• **Work instruction**
What needs reproducing is the run of lines in the data below starting at the line with "香港前特首梁振英則於15日深" and ending at the line with "Su Di Un Ramo", both ends included. Copy it exactly, without pictures, and add nothing.
(Provided records begins)
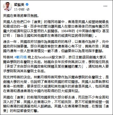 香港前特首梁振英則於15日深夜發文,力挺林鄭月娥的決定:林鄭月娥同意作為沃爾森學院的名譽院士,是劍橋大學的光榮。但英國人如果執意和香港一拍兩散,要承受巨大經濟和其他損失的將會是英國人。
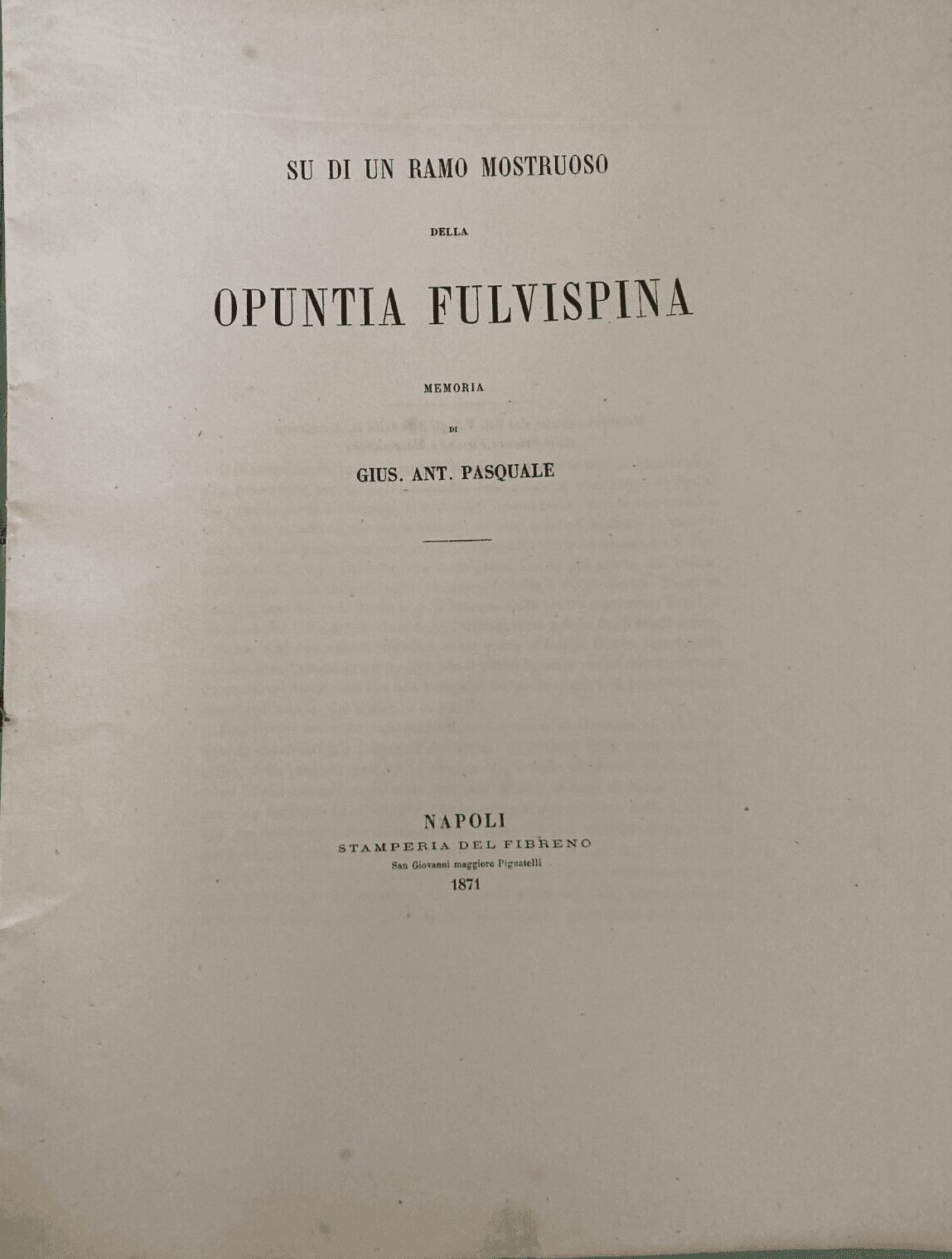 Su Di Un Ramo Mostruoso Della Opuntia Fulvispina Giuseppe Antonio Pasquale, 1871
(Provided records ends)
(Provided records begins)
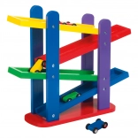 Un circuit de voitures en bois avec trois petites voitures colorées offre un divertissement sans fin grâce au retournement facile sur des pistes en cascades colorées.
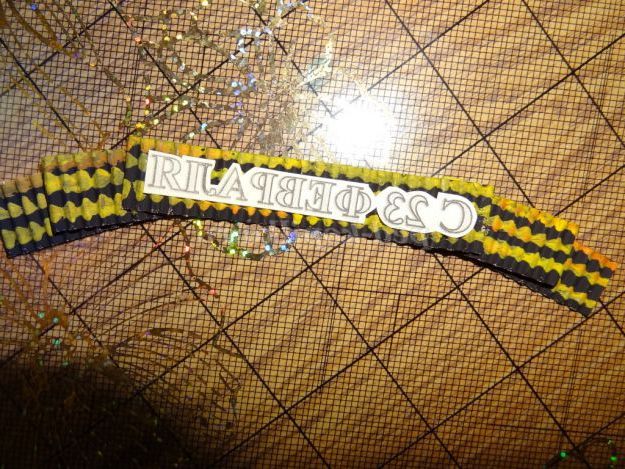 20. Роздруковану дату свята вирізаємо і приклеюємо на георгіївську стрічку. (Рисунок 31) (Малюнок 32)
(Provided records ends)
(Provided records begins)
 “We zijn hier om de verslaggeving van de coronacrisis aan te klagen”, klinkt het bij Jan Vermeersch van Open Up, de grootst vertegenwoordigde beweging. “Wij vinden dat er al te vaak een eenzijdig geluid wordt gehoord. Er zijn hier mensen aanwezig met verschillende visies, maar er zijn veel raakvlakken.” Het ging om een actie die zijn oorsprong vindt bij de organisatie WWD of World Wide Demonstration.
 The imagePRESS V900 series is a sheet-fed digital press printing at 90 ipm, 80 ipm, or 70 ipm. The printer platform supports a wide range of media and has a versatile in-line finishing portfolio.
(Provided records ends)
• **Exercise response**
 香港前特首梁振英則於15日深夜發文,力挺林鄭月娥的決定:林鄭月娥同意作為沃爾森學院的名譽院士,是劍橋大學的光榮。但英國人如果執意和香港一拍兩散,要承受巨大經濟和其他損失的將會是英國人。
 Su Di Un Ramo Mostruoso Della Opuntia Fulvispina Giuseppe Antonio Pasquale, 1871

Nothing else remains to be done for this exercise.